А в чем эта смута, никто толком не знал. Про себя же решила: если Вася за смуту, значит, смута – дело хорошее.
Шел тогда тысяча девятьсот четвертый год, ералашный, злой. Плыли из деревень слухи худые: обижали мужика помещики, изголялись над ним урядники, табунились всюду казачишки да стражники.
И в Москве непогоже было. По заводам – хмурь, на улках студенты кучами ходят. А тут – еще новость: убили у царя самого главного министра… Дворник говорил: политики какие-то убили, а старый жестянщик (во дворе цибарки мастерил), так тот, подвыпивши, такое плел… аж жутко становилось… Порешили, вишь ты, министры Россию японцам продать, а царь хоть будто бы и против, а сделать ничего не может!
И война эта с японцами! Откуда, зачем, кому нужна?..
Многие тогда почуяли: сдвинулось что-то в Россиюшке, перепуталось, а что и к чему – не прощупать!
С утра до ночи ходила я в те поры по городу, работы искала, кажись, все мысли повымерли, одна только и жила: где бы пристроиться?..
Наконец, нанялась на Арбате в трактир я, судомойкой.
Вот уж работка! Начиналась с трех утра, кончалась в одиннадцать ночи, а оплата за эти двадцать часов – десять копеек. А пища какая! Не стали бы и свиньи кушать.
Понравилась я кассиру, устроил меня подавальщицей у прилавка. Теперь не десять выколачивала я, а двадцать, только… не стерпела тут и недели…
Шум, гам, пьяная шваль и каждый, окромя кассира того, норовят обласкать тебя: кто ущипнет, а кто и облапит…
Выручил один завсегдатай, рабочий с завода: был он пьянчужка, а сердцем услужлив, на других, здешних, непохожий.
Отвел он меня на завод, через кума на работу просунул. А завод тот не простой, снаряды выделывал.
Назначили меня в желтое отделение, мелинитом да порохом начиняли там гранатные стаканы.

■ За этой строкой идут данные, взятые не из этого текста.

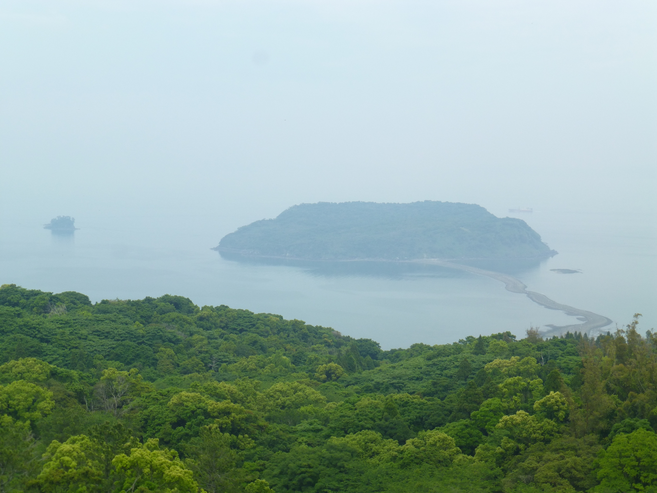 Chiringashima island from Mount Uomidake observatory, Ibusuki, Kagoshima, Japan.
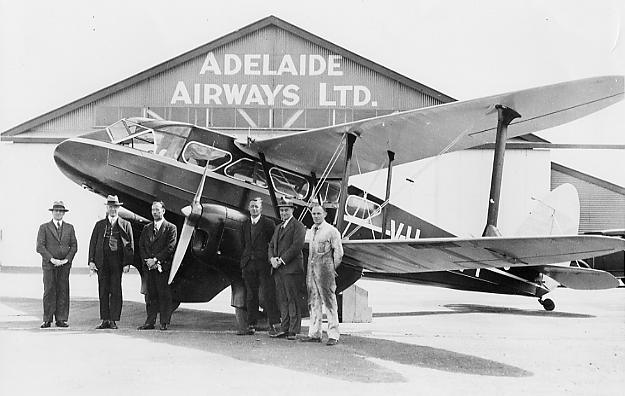 This photo shows one of three Adelaide Airways De Havilland DH89A Dragon Rapides, VH-UVT (c/n 6319). The photo was probably taken at Adelaide/Parafield, however the identities of the worthies in the photo are not known.
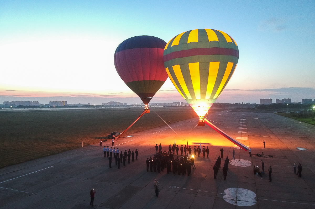 DCIM/100MEDIA/DJI_0279.JPG
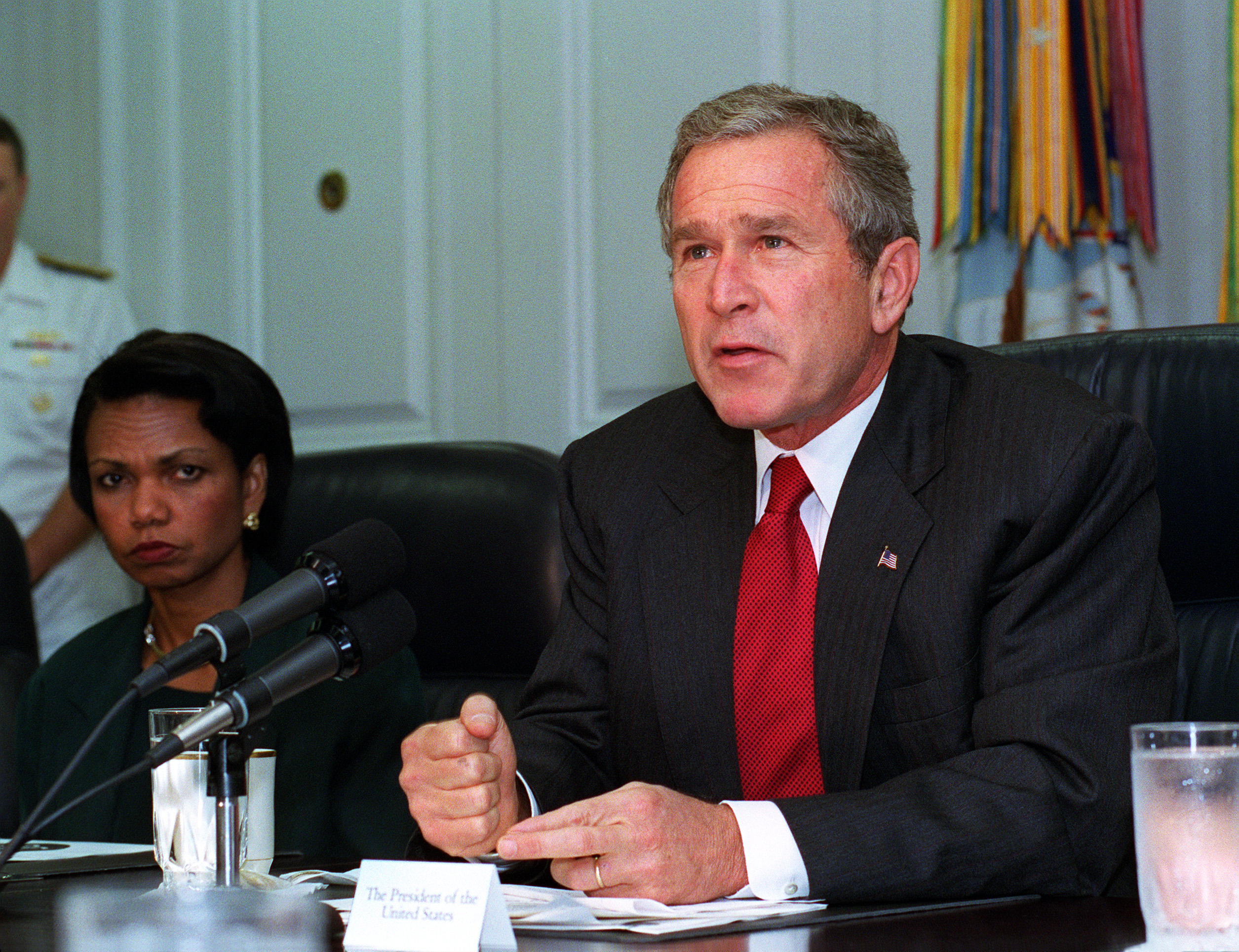 President George W. Bush addresses the media at the Pentagon on Sept. 17, 2001, following a meeting with his national security team and leaders of the National Guard and Reserve forces. Seated at the left is National Security Advisor Condoleezza Rice.
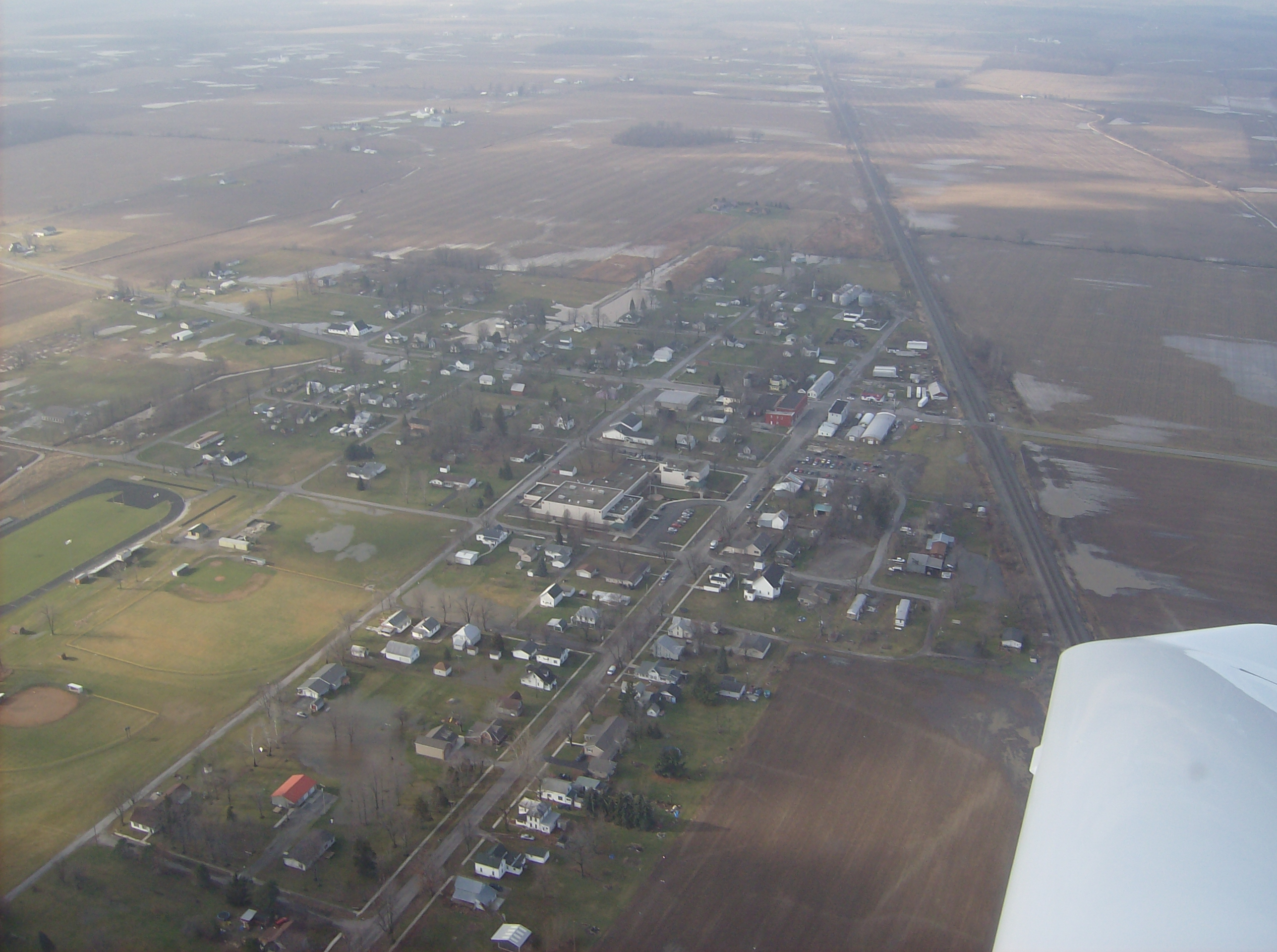 Aerial view of Ridgeway, a village in Hardin and Logan counties in the U.S. state of Ohio. Picture taken from a Diamond Eclipse light airplane at an altitude of 2,100 feet MSL and a bearing of approximately 224º.
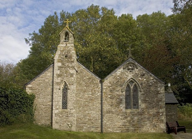 Old Kea church. This is actually the new chapel built next to the old crumbling Old Kea church. The one small bell at top of the left tower (just under the cross) is ringable from inside the church. You can see the bell rope snaking around the side of the tower.
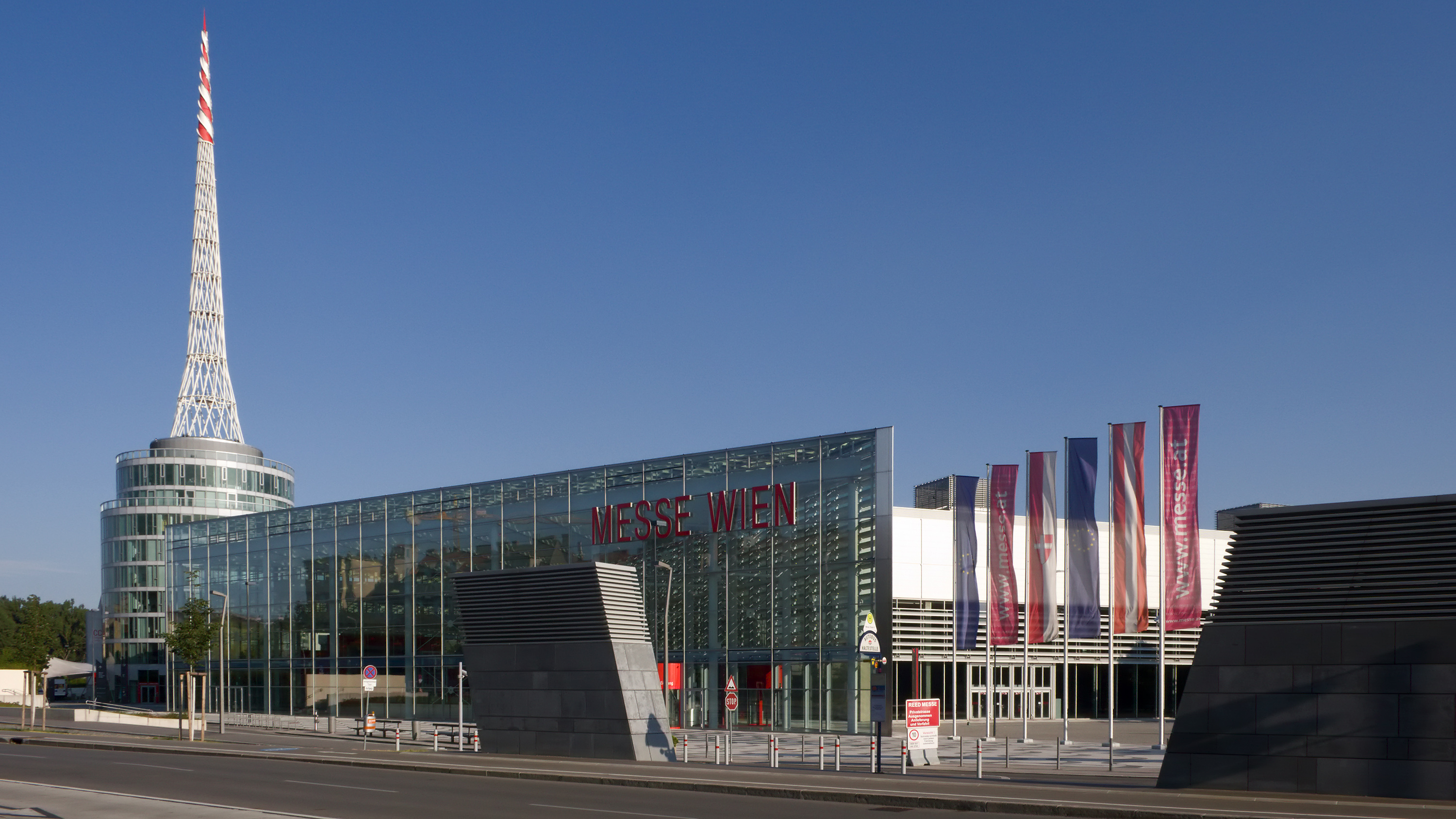 Exhibitions and Congress Center :de:Messe Wien in Vienna Leopoldstadt
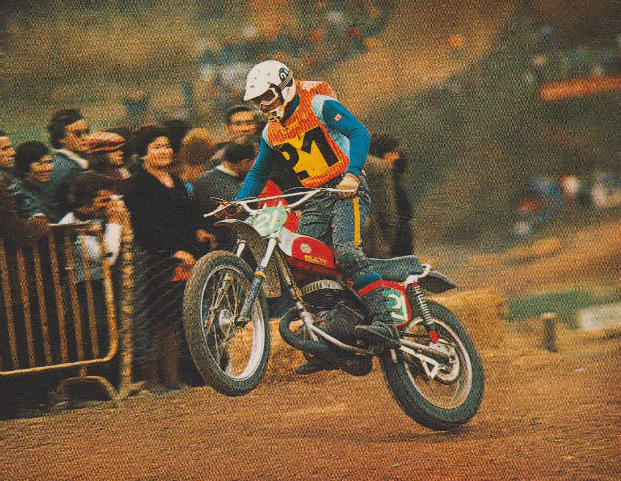 Domiingo Gris on his works Bultaco Pursang MK6 during the 1973 Spanish Motocross Grand Prix of 250cc, held at the Circuit del Vallès on April 8
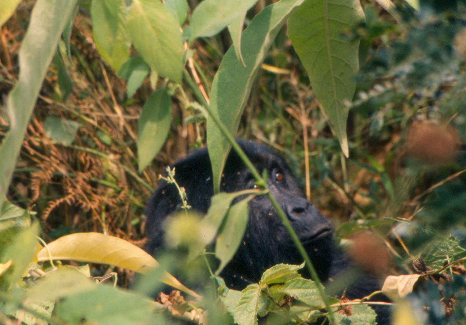 The Mountain Gorilla (Gorilla beringei beringei) is one of the two subspecies of the Eastern Gorilla. There are two populations, one is found in the Virunga volcanic mountains of Central Africa, the other in Uganda's Bwindi Impenetrable National Park. this photograph was taken in Virunga National Park in the eastern Democratic Republic of Congo (DRC). The Mountain Gorilla has longer and darker hair than other gorilla species, allowing it to live in hot or cold weather and travel into areas where temperatures drop below freezing point. Adult males are called silverbacks because a saddle of gray or silver-colored hair develops on their backs with age. The Mountain Gorilla is primarily terrestrial and quadrupedal. Digitized slide.
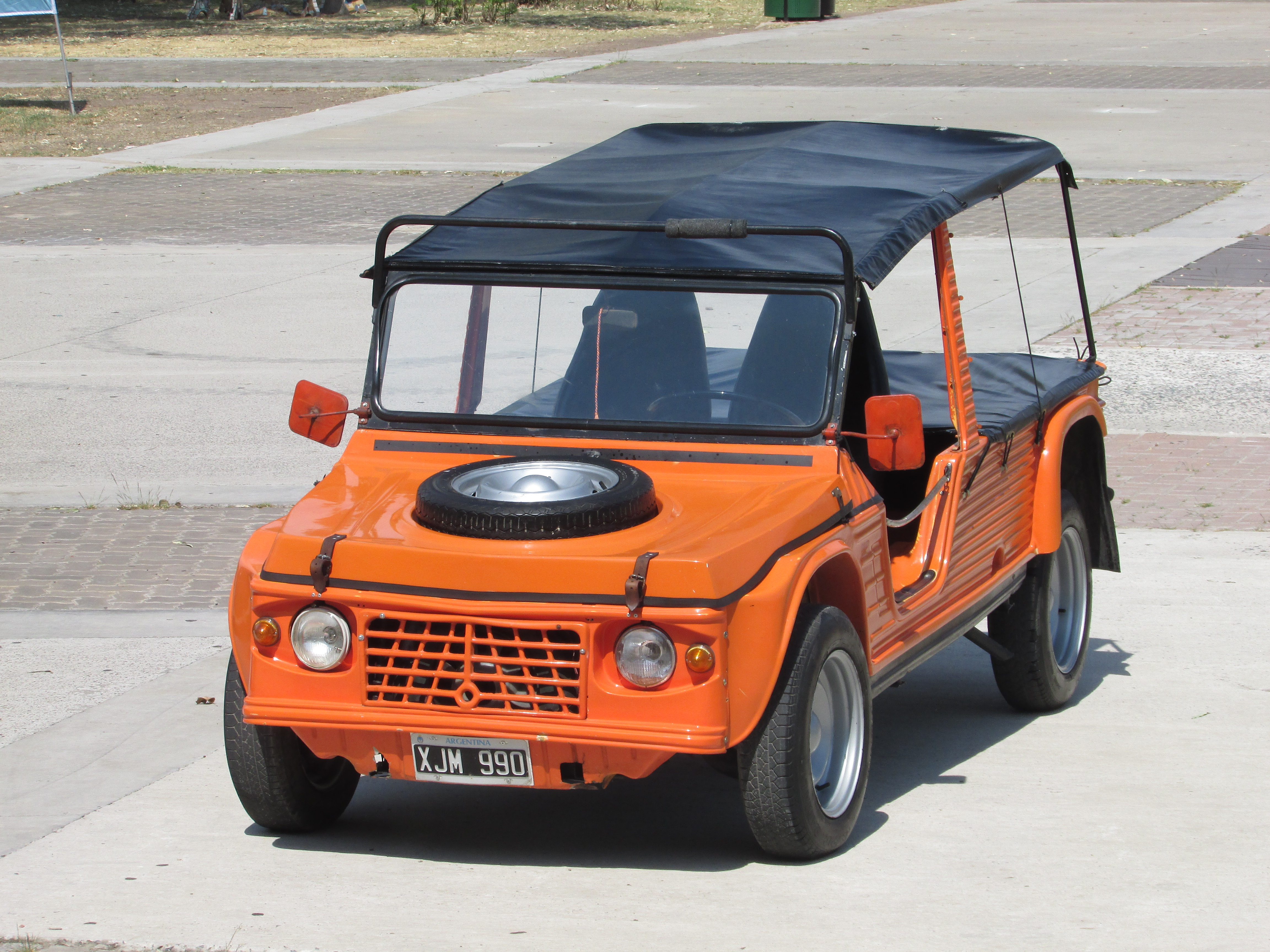 Mehari Ranger: one of the South American versions of the French off-road Citroën Méhari. This car was produced in Uruguay/Argentina during the late 70s. The body was made in fiberglass, instead of ABS plastic.
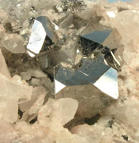 Carrollite, Calcite Locality: Kamoya South II Mine (Kamoya Sud Mine; Kamoya South Mine), Kamoya, Kambove, Central area, Katanga Copper Crescent, Katanga (Shaba), Democratic Republic of Congo (Zaïre) (Locality at ) Size: 8 x 4.5 x 3.2 cm. A beautiful and highly lustrous group of Carrollite crystals that fits well into the mold of "classic" for the species and locality. These mirror-like crystals, with their incredibly complex habit, measure up to 1.2 cm across, and are nestled in Calcite. Ex. Charlie Key.
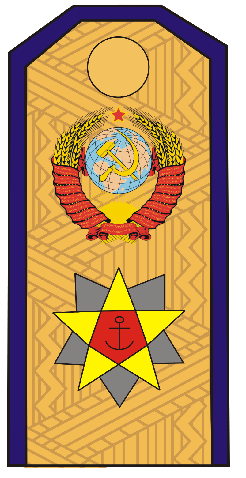 Rank insignia of the USSR Armed Forces/ Sea war fleet (Navy), here since 25 of May, 1945 “Admiral of the fleet” (OF-10) and since March 1955 Admiral of the Fleet of the Soviet Union” – shoulder strap service uniform (1945–1955).
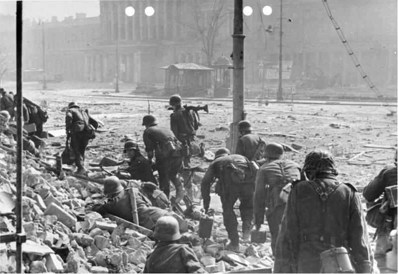 Warsaw Uprising: German soldiers at Theater Square with the National Theater visible in the back.
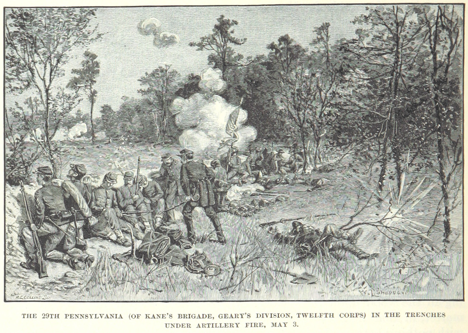 The 29th Pennsylvania Infantry fights in the trenches at the Battle of Chancellorsville.
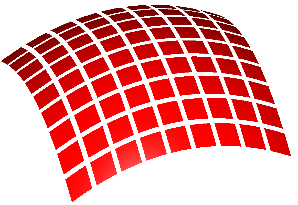 The definition of surface integral relies on splitting the surface into small surface elements. Figure 1: The definition of surface integral relies on splitting the surface into small surface elements. Each element is associated with a vector dS of magnitude equal to the area of the element and with direction normal to the element and pointing outward.
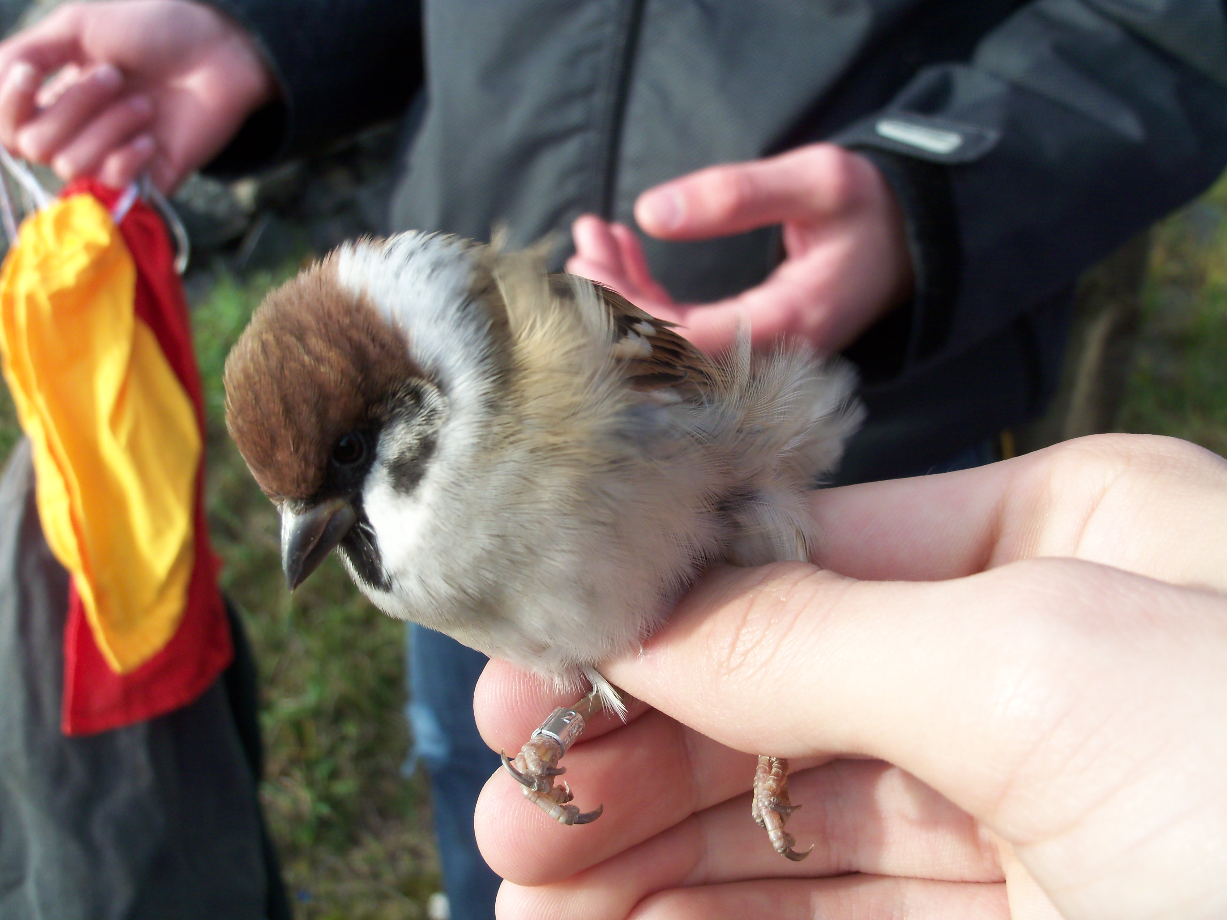 A Eurasian Tree Sparrow (Passer montanus) ringed at Landsort Lighthouse on the south cape of the island Öja (Landsort), south of Nynäshamn in Södermanland in Stockholm County in Sweden. Landsort Bird Observatory is responsible for the ringing.
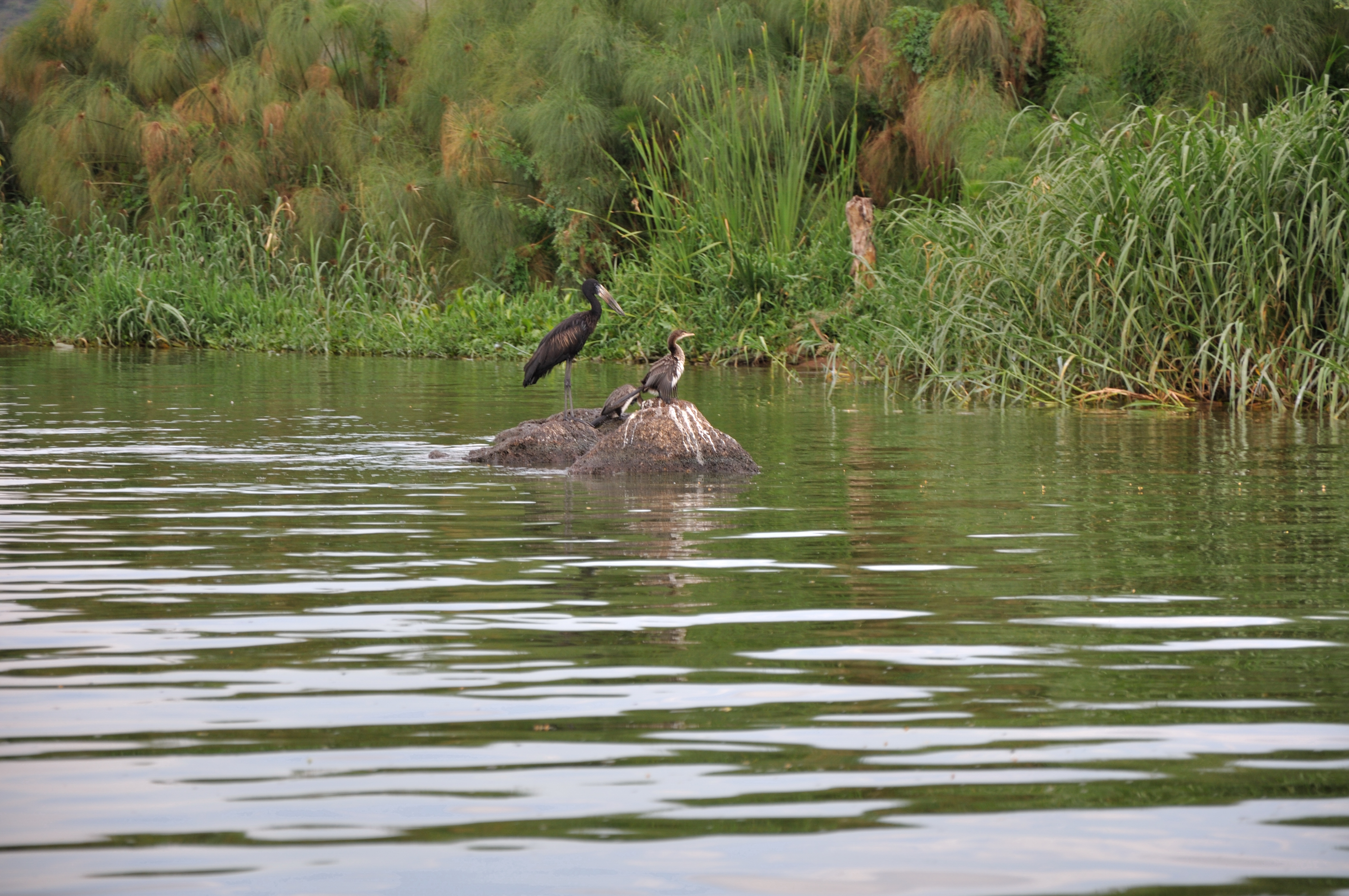 Uganda, Boat trip on Lake Victoria

Я бы тогда в самый ад пошла, только б долой из трактира! А и впрямь в ад попала… С первого утра началась беда. Вижу, снимают у ворот рабочие всю одежонку и идут в нутро, а внутри и бельишко прочь, на плечи – больничный халат, на рожи – маски, к ногам – деревянные колодки…
Кругом часовые!
Впихнулась я в цех, и сразу у меня голова кругом… Воздух тяжелый, станки да колеса, а как заработал мотор, как воскружились шестеренки всякие да поползли отовсюду привода змеями, так я и замлела…
В воздухе ветер, как от тысячи веялок, гвалт, крики, ругань… Стою я дурочкой, о маске забыла и вижу: всё на мне желтым становится, а прядки волос как в кровь опустили… Хотела закричать, да вдруг закашляла, зачихала, поднялась страшная рвота… Пробегал мимо табельщик, увидел – станок вхолостую гуляет, а я подле как чушка на полу валяюсь. Заорал на меня:
– Ишь ты, телячьи нежности! Живо на работу, а не то к чертовой матери!..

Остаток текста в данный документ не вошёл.